Stored items:
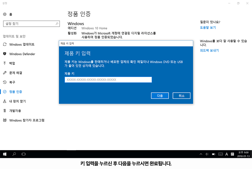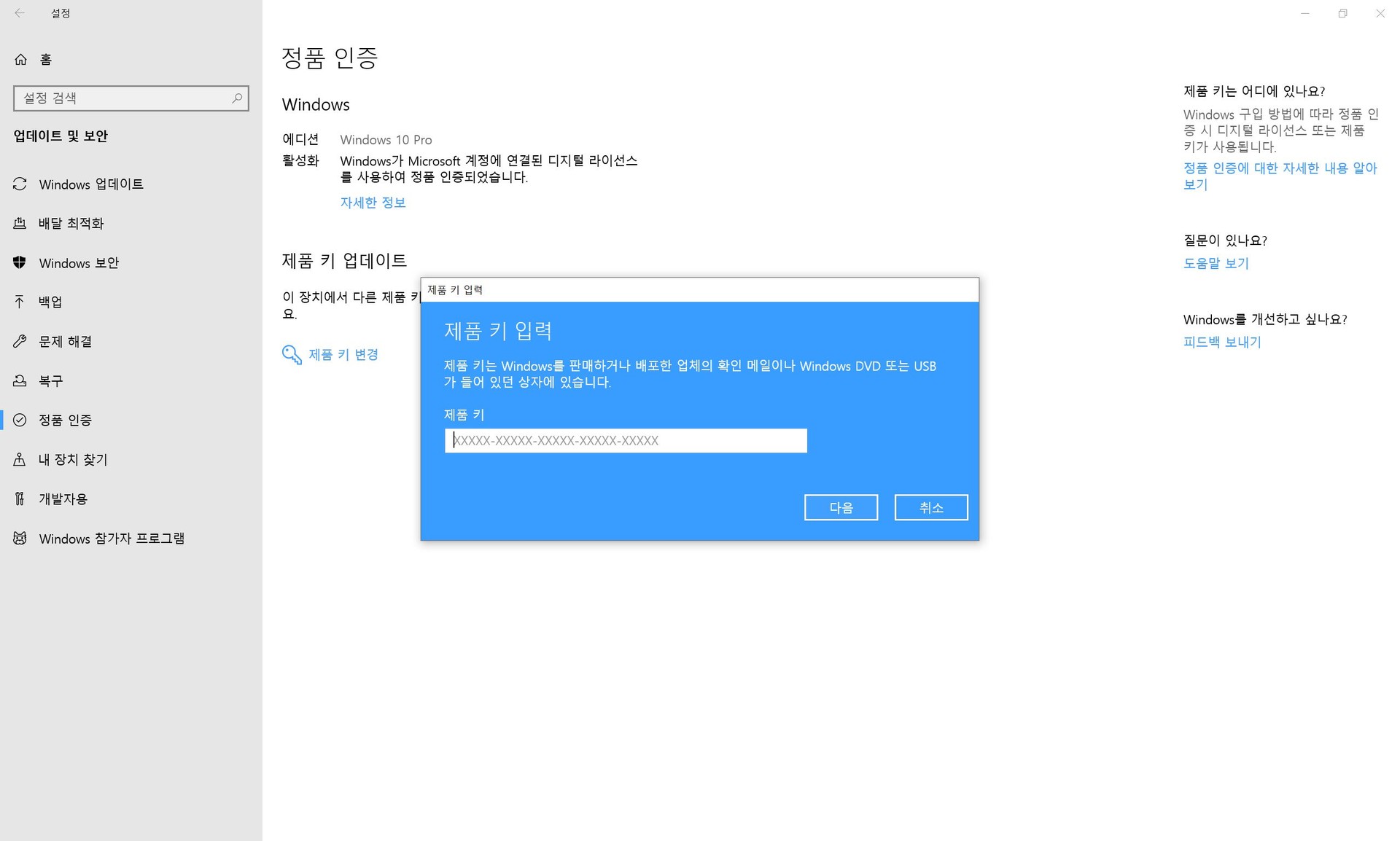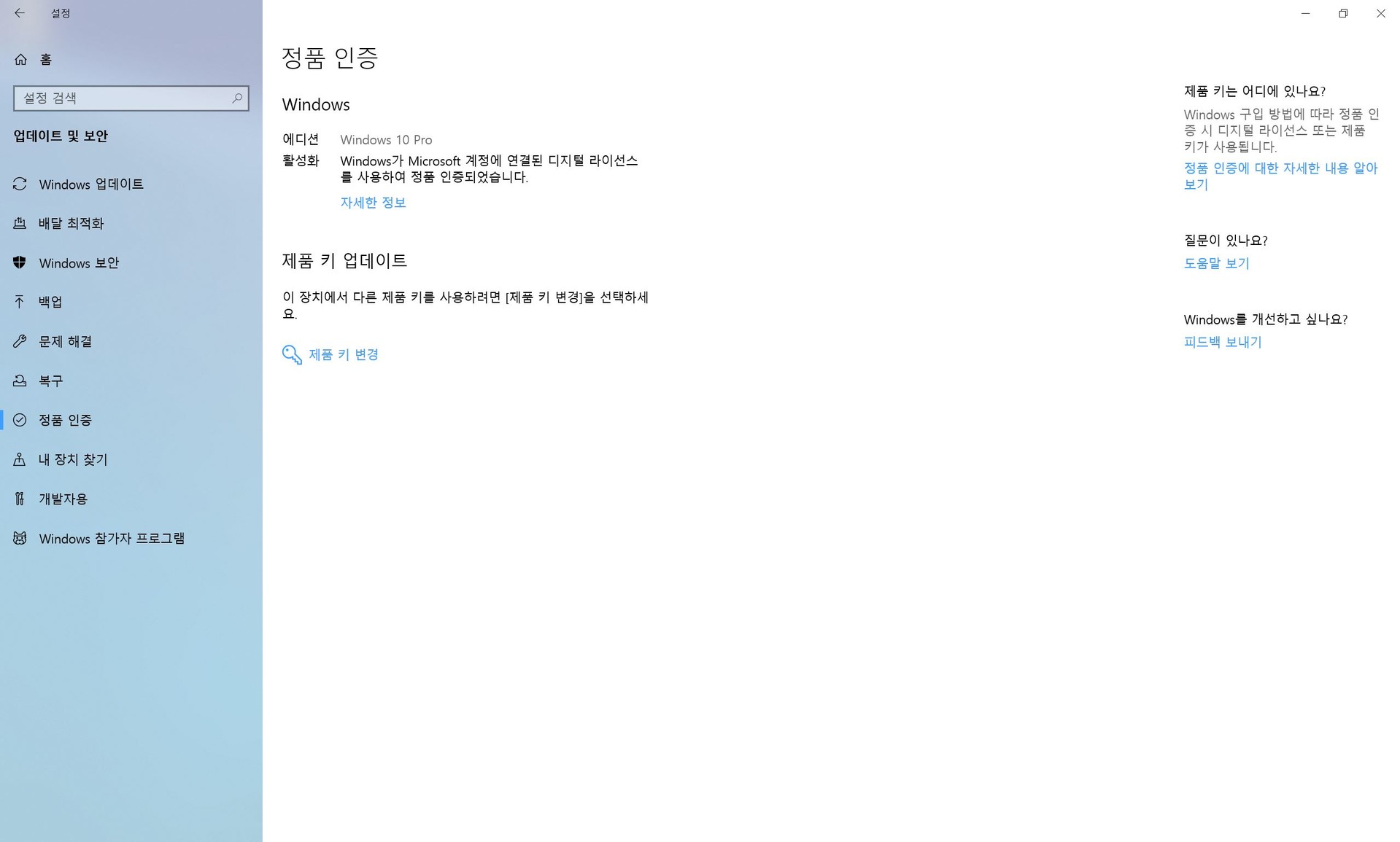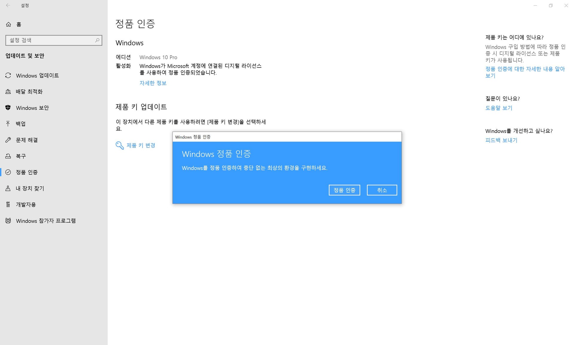 경로 : 설정 – 업데이트 – 정품인증 – 제품 키 변경
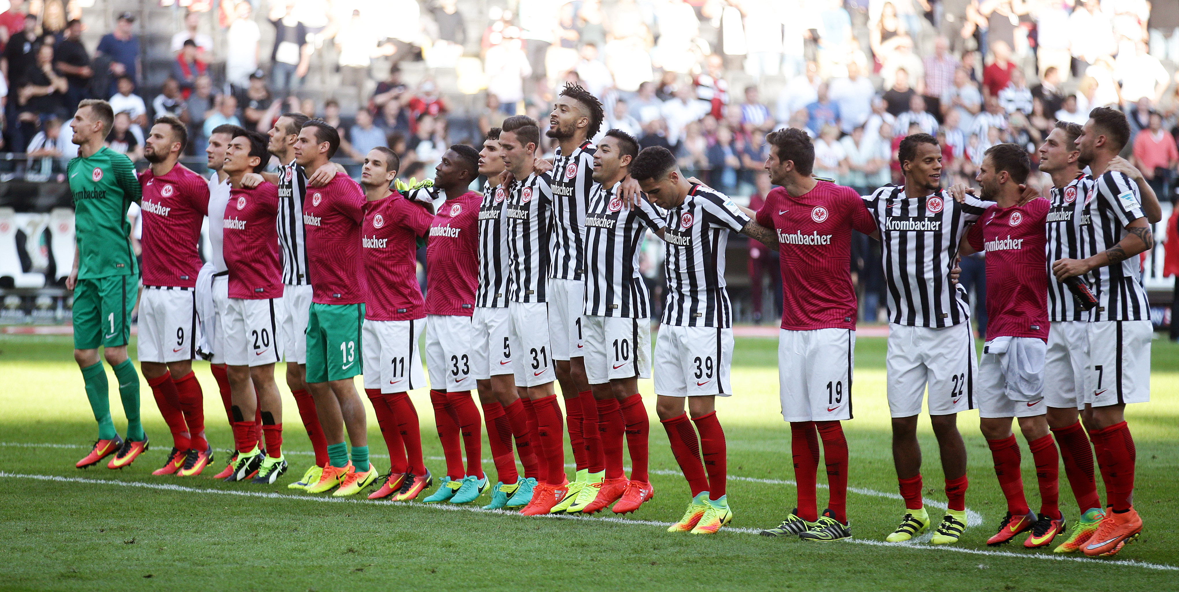 Sportdirektor Bruno Hübner, der vor einem Jahr noch mächtig in der Kritik stand und sich inzwischen freischwimmen konnte, spürt die gute Stimmung in der Stadt und hat in der Mitgliederzahl von 40.000 die Bestätigung dafür erhalten: „Wir haben ein stabiles Auftreten und eine symphatische Mannschaft. Das können wir alles noch weiter ausbauen.“ Es menschelt bei den Hessen, die schnell zu einer verschworenen Truppe zusammengewachsen sind. Lukas Hradecky, Torhüter und unumstrittener Leistungsträger seit eineinhalb Jahren bei der Eintracht, lobt den Zusammenhalt: „Es ist nie leise bei uns in der Kabine und jeder hat einen Freund und wir kommen auch untereinander alle gut klar. Das ist der Schlüssel für den Erfolg!“
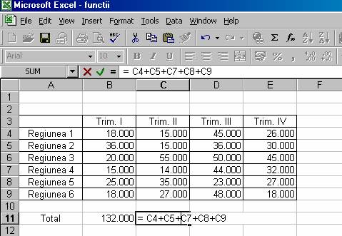 Puteti introduce în celula orice combinatii matematice (de exemplu C3+C4-D5).
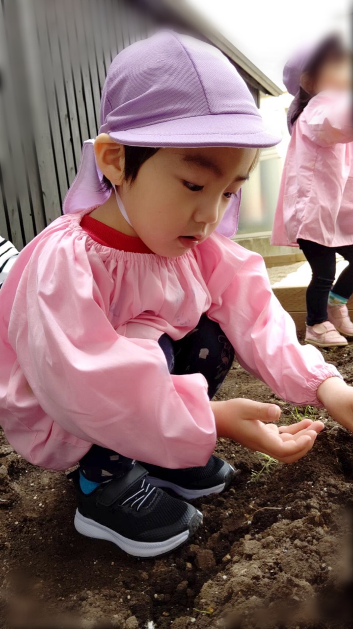 じつは、きらきら保育園秋田駅前にも畑があり春に「小松菜」「枝豆」「かぶ」の種をまいていました?
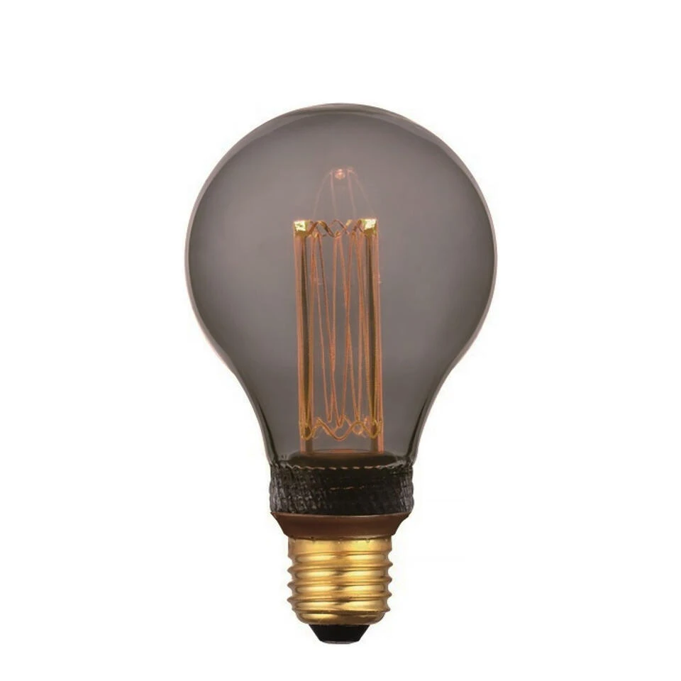 Een Rook LED-lamp met de uitstraling van een ouderwetse kooldraad gloeilamp. Deze globe bol heeft een diameter van 7,5 cm, de totale hoogte is 13 cm. Het rookglas en het “kooldraad” effect geven aan elke armatuur een unieke uitstraling. De lichtkleur is 1800 Kelvin en dat is een mooie sfeervolle en warme kleur.
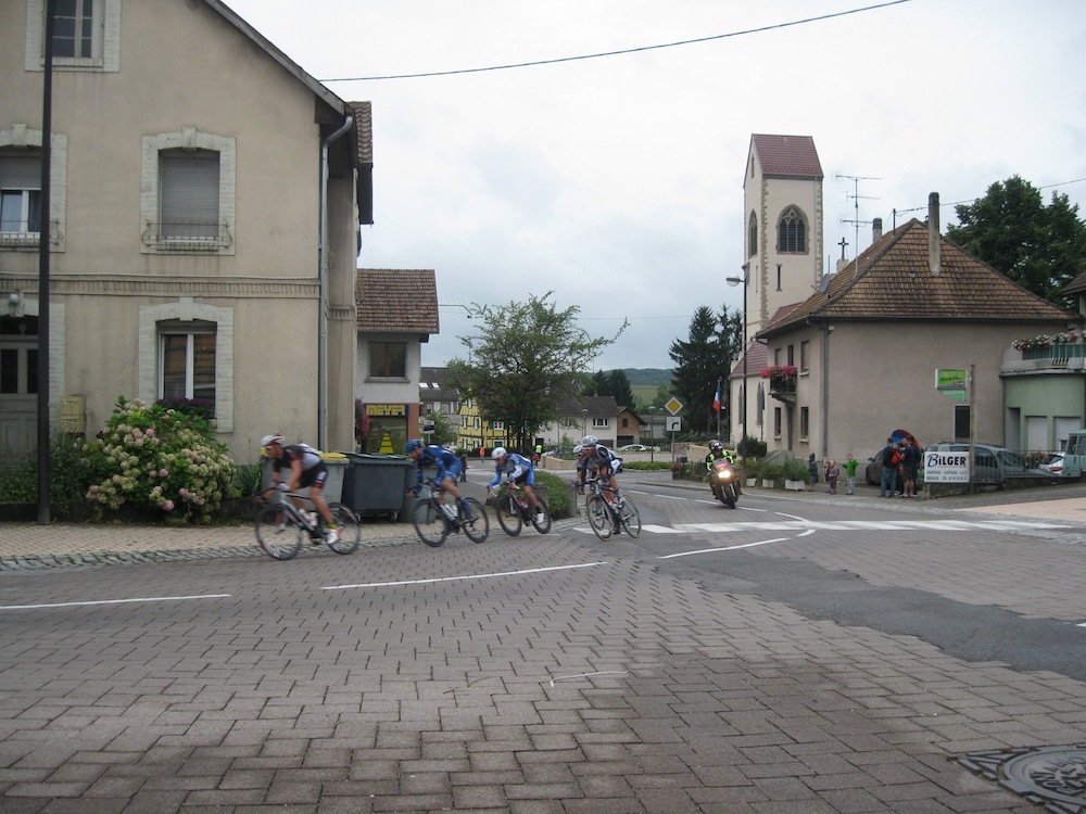 Les premiers coureurs cyclistes qui traversent Waldighoffen pendant le Tour d'Alsace 2014.

* [ASSIGNMENT]
Without the pictures, print all of the records exactly.

* [RESULT BELOW]
 경로 : 설정 – 업데이트 – 정품인증 – 제품 키 변경
 Sportdirektor Bruno Hübner, der vor einem Jahr noch mächtig in der Kritik stand und sich inzwischen freischwimmen konnte, spürt die gute Stimmung in der Stadt und hat in der Mitgliederzahl von 40.000 die Bestätigung dafür erhalten: „Wir haben ein stabiles Auftreten und eine symphatische Mannschaft. Das können wir alles noch weiter ausbauen.“ Es menschelt bei den Hessen, die schnell zu einer verschworenen Truppe zusammengewachsen sind. Lukas Hradecky, Torhüter und unumstrittener Leistungsträger seit eineinhalb Jahren bei der Eintracht, lobt den Zusammenhalt: „Es ist nie leise bei uns in der Kabine und jeder hat einen Freund und wir kommen auch untereinander alle gut klar. Das ist der Schlüssel für den Erfolg!“
 Puteti introduce în celula orice combinatii matematice (de exemplu C3+C4-D5).
 じつは、きらきら保育園秋田駅前にも畑があり春に「小松菜」「枝豆」「かぶ」の種をまいていました?
 Een Rook LED-lamp met de uitstraling van een ouderwetse kooldraad gloeilamp. Deze globe bol heeft een diameter van 7,5 cm, de totale hoogte is 13 cm. Het rookglas en het “kooldraad” effect geven aan elke armatuur een unieke uitstraling. De lichtkleur is 1800 Kelvin en dat is een mooie sfeervolle en warme kleur.
 Les premiers coureurs cyclistes qui traversent Waldighoffen pendant le Tour d'Alsace 2014.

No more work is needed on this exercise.